There's no formula to dating. The best thing you can do is work on yourself; do well in College, try to get a good job, exercise, dress well, etc. All you can do is present the best possible package. Some people will buy what you're selling and others won't. When someone is not interested, it's not an insult to you. You'll have times when you're shooting girls down and that doesn't mean you're insulting them or dislike them. It just means the connection isn't there/

What frustrates us is you don't listen to good advice. Relationships aren't just about having certain qualities or items on a checklist; they're about connections that are either present or missing. In this case, the connection was missing (on her end). What you need to realize is that's OK; it doesn't mean you're a bad guy (though your reluctance to listen to our advice is annoying).

Just remember one of the first responses I sent to you.
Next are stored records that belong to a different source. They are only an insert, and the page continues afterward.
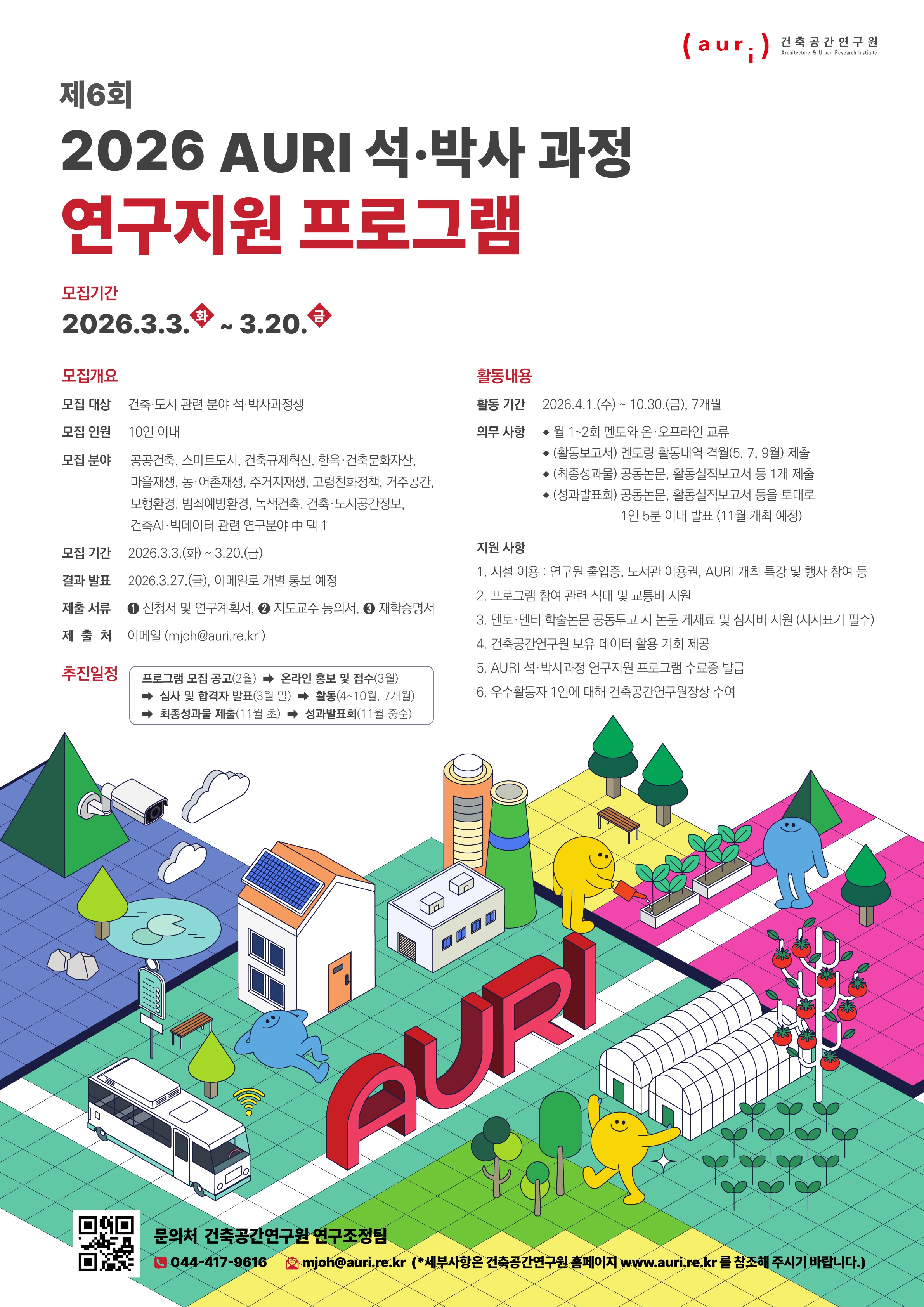 fnctId=bbs,fnctNo=72 페이지 공유 글번호 93636 [건축공간연구원] 2025 AURI 석·박사과정 연구지원 프로그램 안내 작성일 2026.03.09 수정일 2026.03.09 작성자 통합행정실 조회수 252 첨부파일 붙임1. 2026 AURI 석박사과정 연구지원 프로그램 모집공고.hwp 붙임2. 2026 AURI 석박사과정 연구지원 프로그램 포스터.pdf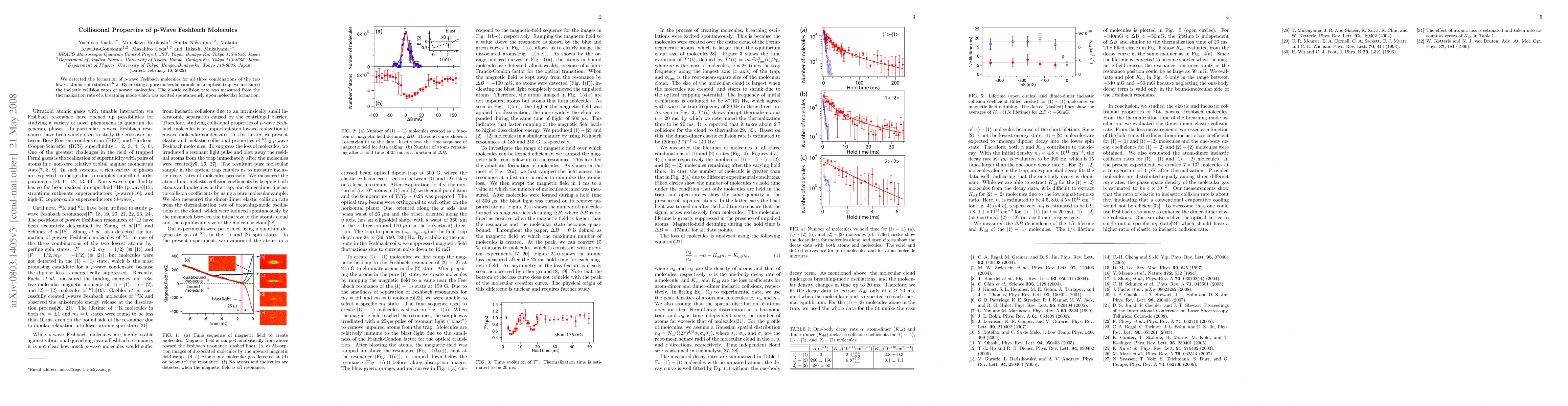 This research detected p-wave Feshbach molecules in 6Li and measured their inelastic and elastic collision rates, providing insights into their collisional properties. The study utilized a pure molecular sample in an optical trap to observe these rates.
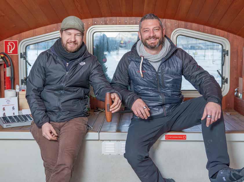 antworten Alex Guerrieri, neuer Pächter der Klingental-Fähre «Vogel Gryff » und Michael Sackmann, neuer Pächter der St. Johann-Fähre «Ueli».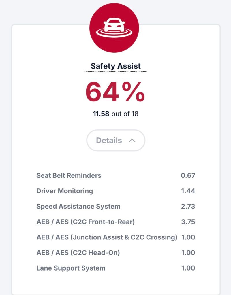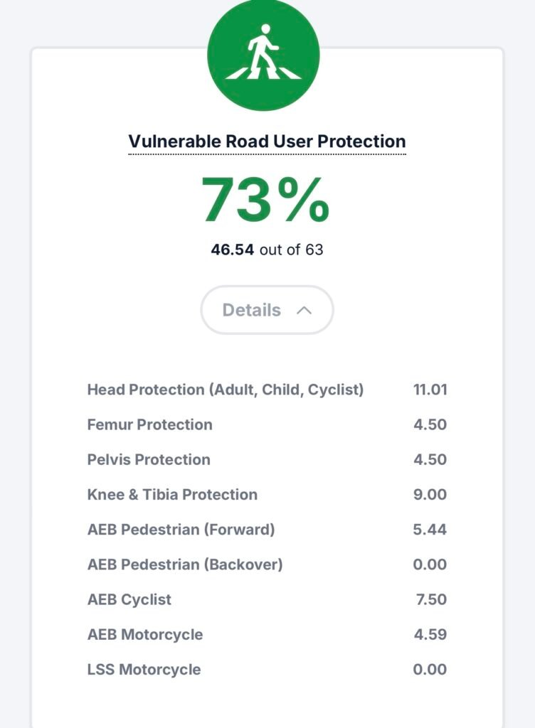 سجلت كيا K4 نسبة 73% بما يعادل 46.54 نقطة من أصل 63. في اختبارات الاصطدام الفعلي للمشاة وراكبي الدراجات، جاءت حماية الرأس “جيدة” أو “مقبولة” في معظم مناطق غطاء المحرك والزجاج الأمامي، مع نتائج “ضئيلة” و”ضعيفة” عند قاعدة الزجاج وأعمدة الهيكل الأمامية. أما الحماية للفخذين والحوض والساقين فقد جاءت “جيدة” وسجلت السيارة أقصى عدد من النقاط. أما نظام الفرملة الطارئة للكشف عن المشاة وراكبي الدراجات، فقد أظهر أداءً “جيدًا” في معظم سيناريوهات الاختبار عند السير للأمام، لكنه لم يتفاعل عند الرجوع للخلف. كذلك قدم النظام أداءً جيدًا مع راكبي الدراجات في أوضاع السير المستقيم أو عند الانعطاف، إضافة إلى وظيفة تحذيرية عند اقتراب دراجة من الخلف لفتح الأبواب. أما في حالة الدراجات النارية، فقد كانت النتائج مختلطة، إذ سجل النظام أداءً مقبولًا عند بعض السيناريوهات، لكنه كان ضعيفًا في حالات الطوارئ المتعلقة بتغيير المسار.

This is a paraphrase but it was something like...

Most girls you want to date, won't even give you the time of day.
Most jobs you apply for, will reject you before a human being even sees your resume.
Most homes you want, you won't even be able to afford the down payment or pre-qualify for the mortgage.
Most cars you want, you'll never be able to afford.
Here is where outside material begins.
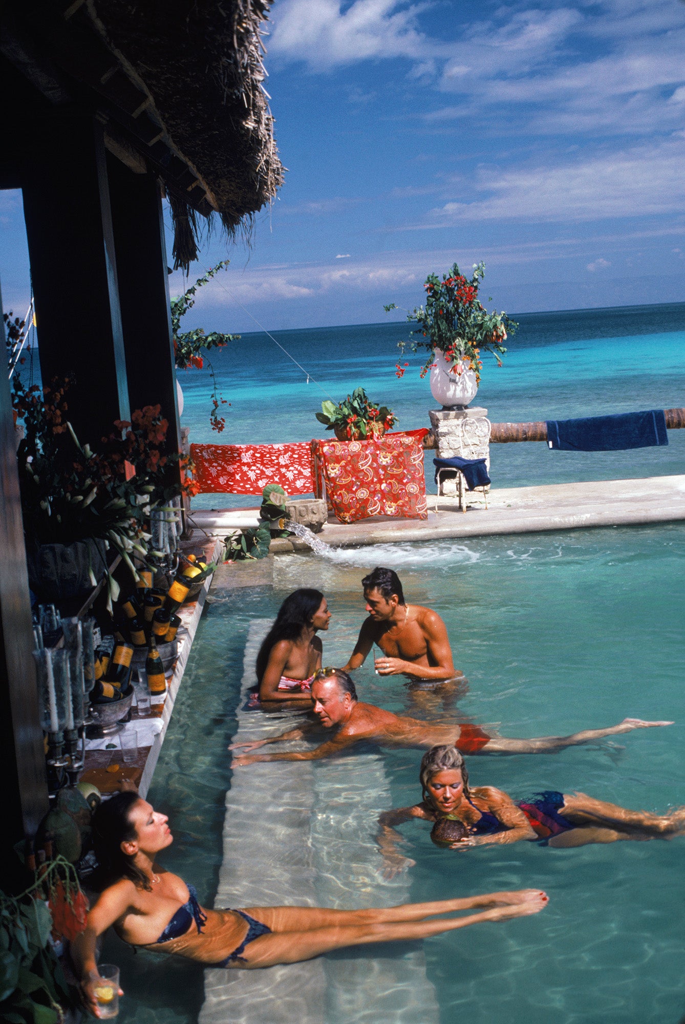 People relaxing in the bar at Plantation Cocoyer, Cocoyer Beach, Haiti, February 1981. (Photo by Slim Aarons/Hulton Archive/Getty Images)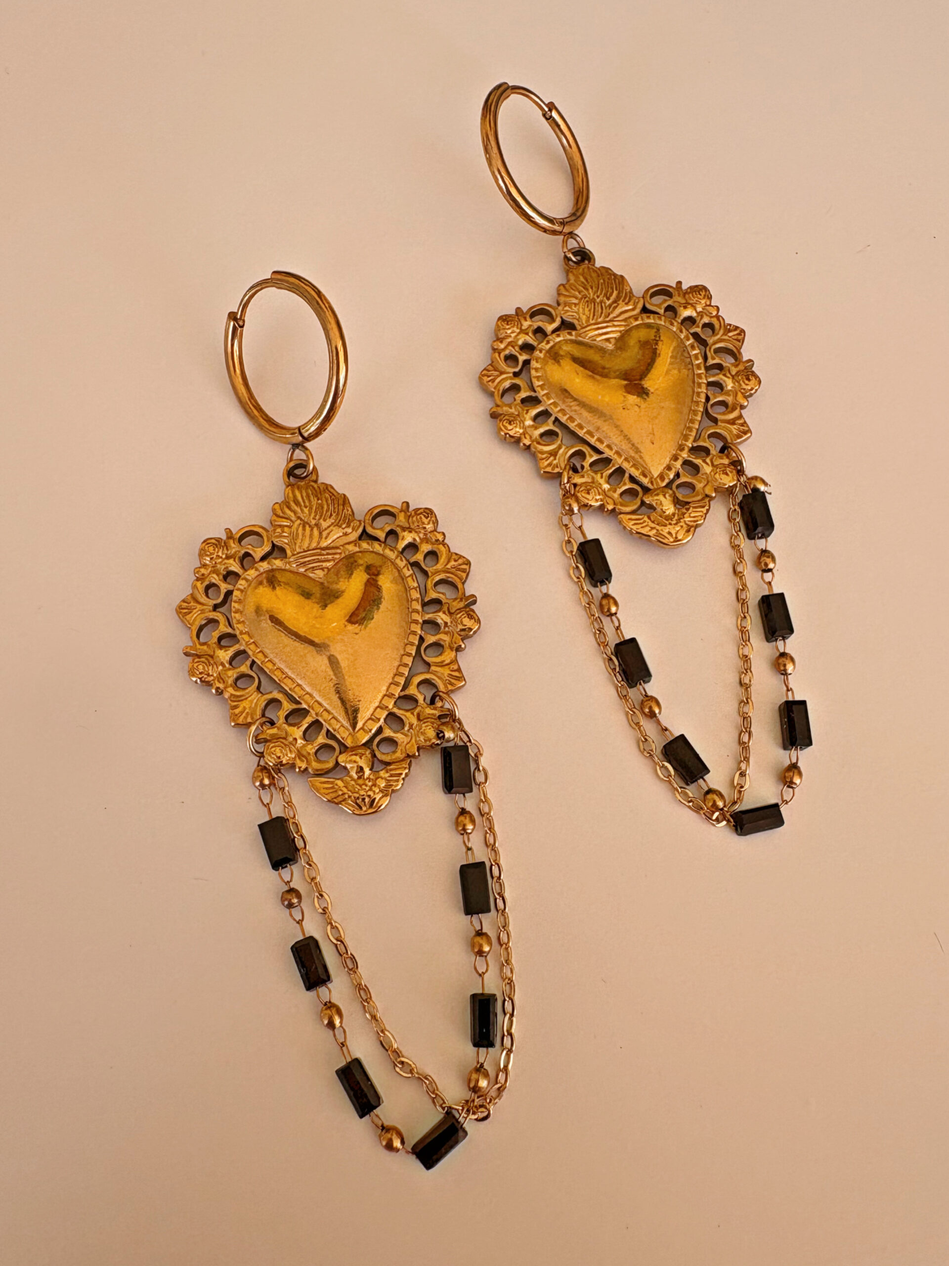 Μεγάλοι, ατσάλινοι κρίκοι με ατσάλινες καρδιές και αλυσίδα με μαύρα κρύσταλλα.

Life is difficult. What you're going through now is a minor setback, at most. You're making it into something bigger than what it is, but it's nothing.
LIS123; Thank you for your post. I actually agree with about 99% of what you've said here. I do not agree with the part I bolded; however I'm pleased that we are able see more of each other's perspective.

Best.
 
Old 04-27-2013, 03:55 PM
 
1,084 posts, read 2,478,755 times
Reputation: 1273
Quote:
Originally Posted by Wmsn4Life View Post
Why are you doing this all day on a Saturday? Since you started this thread, I've been to work, the grocery, watched a movie with my family, shopped with my kid and ate lunch.
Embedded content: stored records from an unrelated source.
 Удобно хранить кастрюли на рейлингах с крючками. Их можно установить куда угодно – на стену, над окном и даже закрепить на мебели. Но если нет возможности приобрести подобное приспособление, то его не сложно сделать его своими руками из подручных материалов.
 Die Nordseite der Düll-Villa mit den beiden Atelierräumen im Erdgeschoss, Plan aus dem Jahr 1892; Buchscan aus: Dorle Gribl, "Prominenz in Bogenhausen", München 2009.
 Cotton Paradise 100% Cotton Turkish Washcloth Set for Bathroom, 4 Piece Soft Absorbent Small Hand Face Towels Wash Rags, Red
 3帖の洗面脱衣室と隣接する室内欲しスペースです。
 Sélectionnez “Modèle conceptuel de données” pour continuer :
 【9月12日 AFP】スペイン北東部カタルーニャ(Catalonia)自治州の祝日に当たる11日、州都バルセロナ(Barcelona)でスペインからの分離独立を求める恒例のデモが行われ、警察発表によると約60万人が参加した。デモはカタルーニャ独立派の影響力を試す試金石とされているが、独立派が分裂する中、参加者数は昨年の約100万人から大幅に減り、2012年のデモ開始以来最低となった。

Why aren't you at work or hanging out with other high-school seniors?
He isn't doing anything out of the ordinary. When I was a high school senior, I didn't have a job and I never hung out with my friends outside of school. My parents considered school a job so I wasn't required to work and I am very introverted. I highly doubt he is just on CD all day just doing this, he is multitasking. I have been doing the same as well.

Quote:
Originally Posted by Jay Watson View Post
This leaves me at a loss. Her inability to articulate her exact reasons for her adamant dislike of me, leaves me with few ideas as to how I should work on improvement of myself as a person. I know that she does not like my appearance; so that should be my first area of improvement
You should improve yourself for you first, don't ever try to change yourself for another person. There are lots of people who don't like me, but I wouldn't try to change for them. Like I said, you are not bad looking. Change your appearance because you want to. Doing things for yourself shows self esteem, and people are attracted to others with high self esteem.
 
Old 04-27-2013, 03:59 PM
 
Location: Texas
597 posts, read 1,147,569 times
Reputation: 143
Quote:
Originally Posted by Marissy View Post
I highly doubt he is just on CD all day just doing this, he is multitasking. I have been doing the same as well.



.
Exactly right!

Thank you for clarifying, to those who are confused.
 
Old 04-27-2013, 04:38 PM
 
Location: Texas
597 posts, read 1,147,569 times
Reputation: 143
Quote:
Originally Posted by TJenkins602 View Post
That's good.


Okay, I myself have had a few crushes. I'm not going to lie, some of the crushes were mutual. There is always that one woman that stands out to me. One woman that is going to be on my mind more than others. Eventually, one of many other things happen.

She has a man, she disappears, or I find out that she is not attracted to me.

Ouch!!! Time to move on.
Thank you for your understanding.
 
Old 04-27-2013, 05:18 PM
 
Location: Texas
5,012 posts, read 7,875,674 times
Reputation: 5698
Collect every piece of gum she ever sticks to the bottom of a table and make a shrine. What's this girl's name, anyway? I'll probably try to have sex with her, just to rub it in the op's face.